A computational model predicts sex-specific responses to calcium channel blockers in mammalian mesenteric vascular smooth muscle.

The function of the smooth muscle cells lining the walls of mammalian systemic arteries and arterioles is to regulate the diameter of the vessels to control blood flow and blood pressure. Here, we describe an in silico model, which we call the 'Hernandez-Hernandez model', of electrical and Ca 2+ signaling in arterial myocytes based on new experimental data indicating sex-specific differences in male and female arterial myocytes from murine resistance arteries.

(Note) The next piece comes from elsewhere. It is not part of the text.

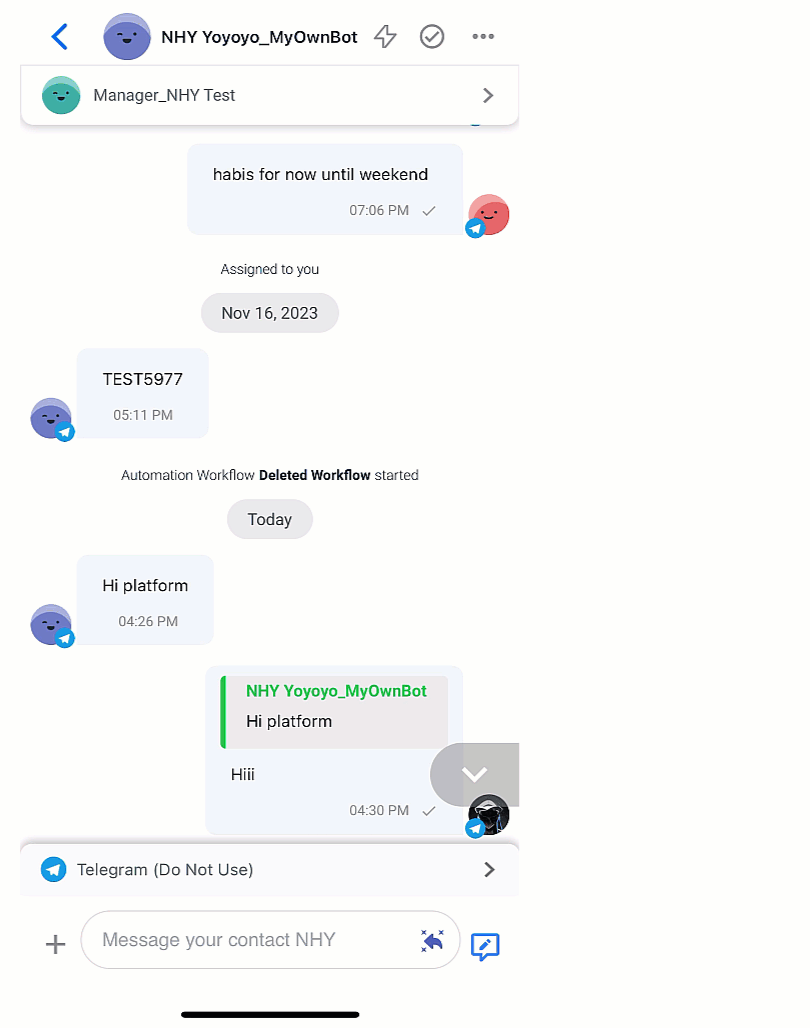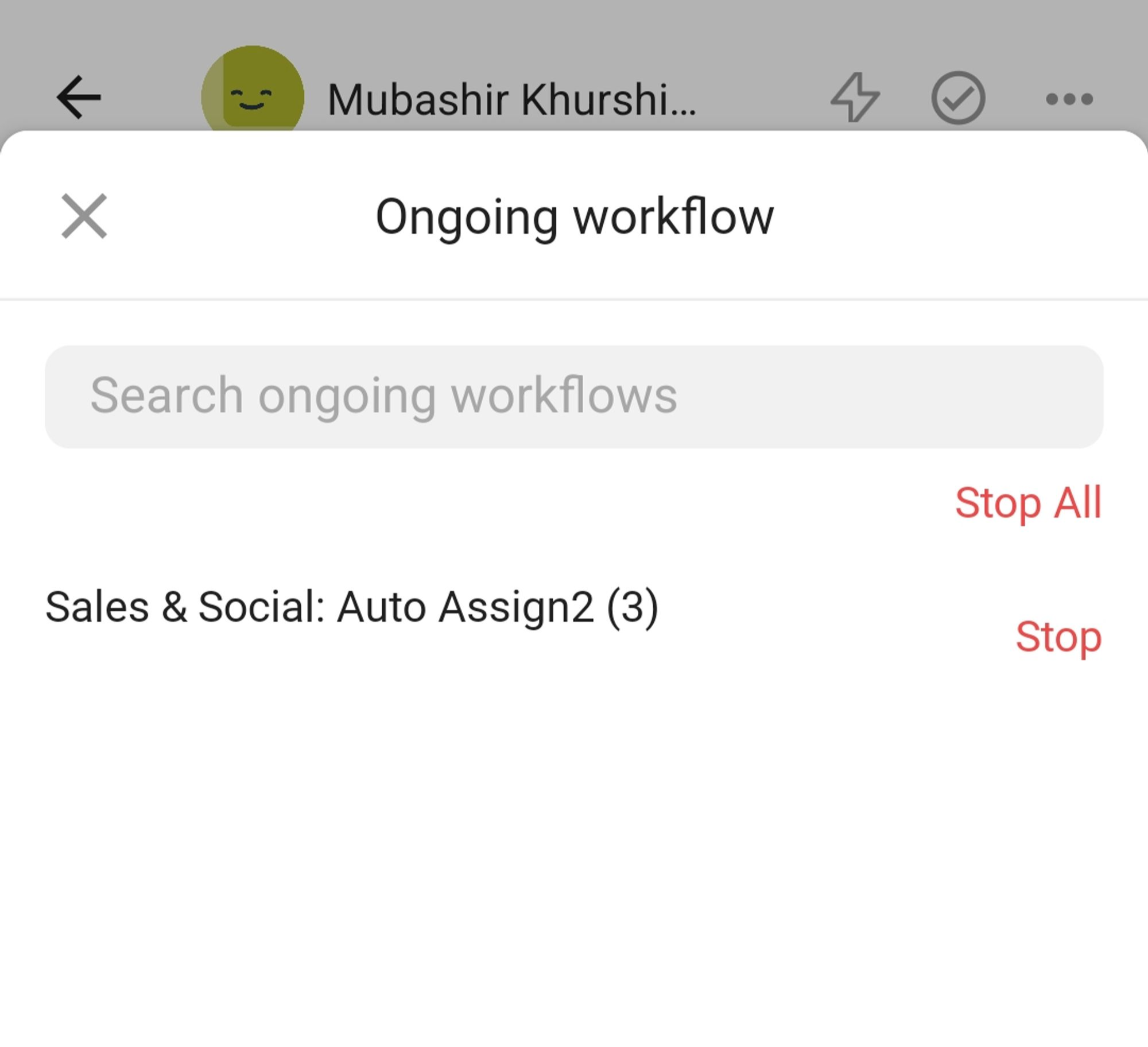 You can view and stop any ongoing Workflows for a Contact with this option. To view the list of ongoing Workflows for the Contact, simply go to the conversation history and tap the three-dot action menu at the top right of the screen > tap Ongoing Workflows.

The model suggests the fundamental ionic mechanisms underlying membrane potential and intracellular Ca 2+ signaling during the development of myogenic tone in arterial blood vessels. Although experimental data suggest that K V 1.5 channel currents have similar amplitudes, kinetics, and voltage dependencies in male and female myocytes, simulations suggest that the K V 1.5 current is the dominant current regulating membrane potential in male myocytes. In female cells, which have larger K V 2.1 channel expression and longer time constants for activation than male myocytes, predictions from simulated female myocytes suggest that K V 2.1 plays a primary role in the control of membrane potential. Over the physiological range of membrane potentials, the gating of a small number of voltage-gated K + channels and L-type Ca 2+ channels are predicted to drive sex-specific differences in intracellular Ca 2+ and excitability. We also show that in an idealized computational model of a vessel, female arterial smooth muscle exhibits heightened sensitivity to commonly used Ca 2+ channel blockers compared to male. In summary, we present a new model framework to investigate the potential sex-specific impact of antihypertensive drugs.